No. 117, Docket 22484.
United States Court of Appeals Second Circuit.
Argued April 7, 1953.
Decided June 3, 1953.
Watson Washburn, New York City, for petitioner.
H. Brian Holland, Asst. Atty. Gen., Ellis N. Slack and Robert B. Ross, Special Assts. to the Atty. Gen., for respondent.
Before SWAN, Chief Judge, and CLARK and FRANK, Circuit Judges.
SWAN, Chief Judge.
The taxpayer, who was one of the founders of Investors League, Inc., and its president in 1946, made a dues payment of $1,000 to the League in that year. He sought to deduct this contribution under Sec. 23(a)(2) of the Code;1 the Commissioner disallowed the deduction, and the Tax Court confirmed the Commissioner's disallowance.

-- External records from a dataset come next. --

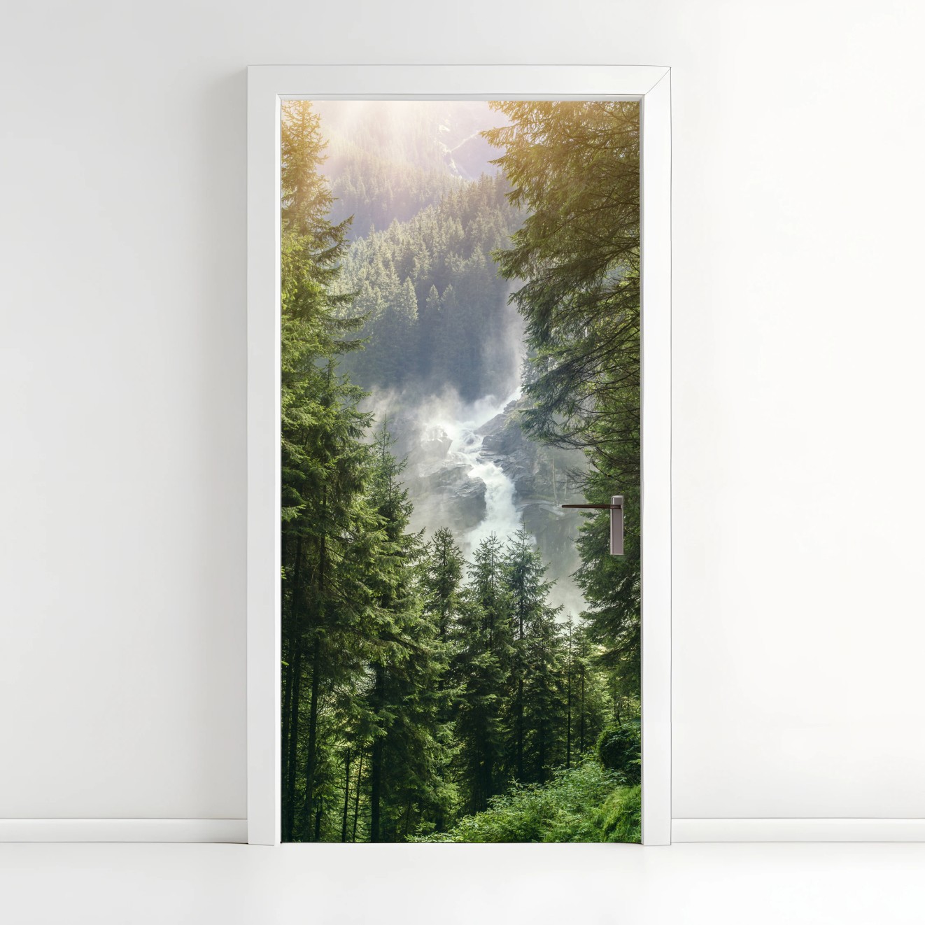 Türaufkleber Krimml wasserfall im üppigen alpinen wald
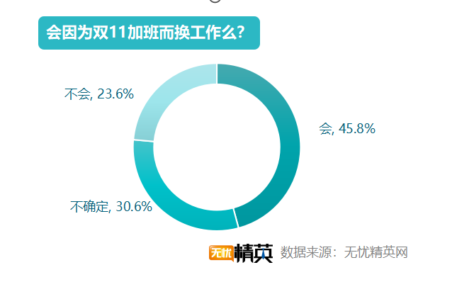 雙11過于辛苦,不少人會(huì)有工作上逃離雙11的想法。45.8%的職場精英因?yàn)殡p11加班過多,會(huì)有換工作的想法,不過,較2018年50.6 %的人有這種想法,已有所下降;30.6%的精英不確定要不要換工作,23.6%的職場精英則表示不會(huì)因?yàn)殡p11加班多而換工作。
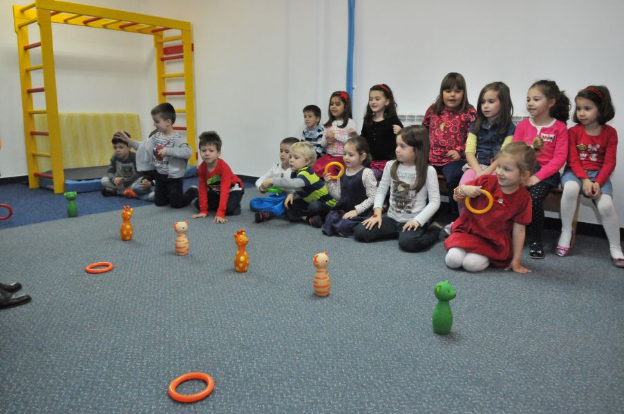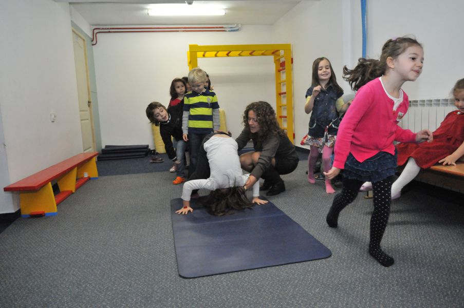 Sala de sport a grădiniţei este dotată conform Standardelor de dotare minimală, reglementate prin OM 3262/15.02.2006, dispunând de:

There is no dispute as to the facts, which were stipulated. The League is a non-profit, membership corporation organized under the laws of New York in 1942. In 1946 it had more than 10,000 members. Its purposes as stated in its certificate of incorporation may be summarized as follows: To build up a nationwide organization designed to bring about fair play for investors, life insurance policy-holders, savings depositors, home owners, small business men and other property owners; to advocate the preservation of the existing private enterprise system; to conduct economic studies and research and to publicize the results thereof; to express publicly the League's attitude toward existing or proposed legislation affecting the interests of its members as investors; to concern itself with matters of mismanagement, or inconsiderate treatment of investors, or labor relation, involving principles which affect the interests of members as investors; and to promote genuine industrial democracy as distinguished from merely theoretical democracy in industry. Its actual activities in 1946 conformed to the objectives stated in its charter. The Tax Court found that the payment in question 'did not have a proximate relation to the production or collection of taxable income of the petitioner or to the management, conservation, or maintenance of petitioner's property held for income,' and did not constitute 'an ordinary and necessary expense for the production or collection of income, or for the management conservation, or maintenance of property held for the production of income.'2
The Tax Court's findings are not to be disturbed on review unless clearly erroneous. We think the record supports them. Nor have we any doubt as to the validity of the Regulation which limits deductible expenses to such as are proximately connected with the production of income or the management of income producing property.3
The taxpayer relies on two groups of cases allowing deductions in situations which he regards as analogous to the case at bar. We do not think them analogous. One group typified by Williams, 3 T.C. 200,203, holds deductible fees paid for services of investment counsel not specifically related to any particular transaction, but to the taxpayer's investments in general throughout the taxable year. There the relation between the fee and the services was direct. Here, as the Tax Court says, there was no evidence of any understanding that the League would give a quid pro quo for the taxpayer's contribution. The other group of cases relied on involved contributions to chambers of commerce, trade associations, or similar organizations. These are held deductible under Sec. 23(a)(1) as business expenses, and the applicable Regulation permits deduction of 'expenditures directly connected with or pertaining to the taxpayer's trade or business.'4 Contributions to chambers of commerce or trade organizations may well be thought to be an 'ordinary and necessary' expense 'pertaining' to the contributor's trade or business. But we agree with the Tax Court that such decisions are not authority for allowing a deduction in the case at bar.5 The decision is affirmed.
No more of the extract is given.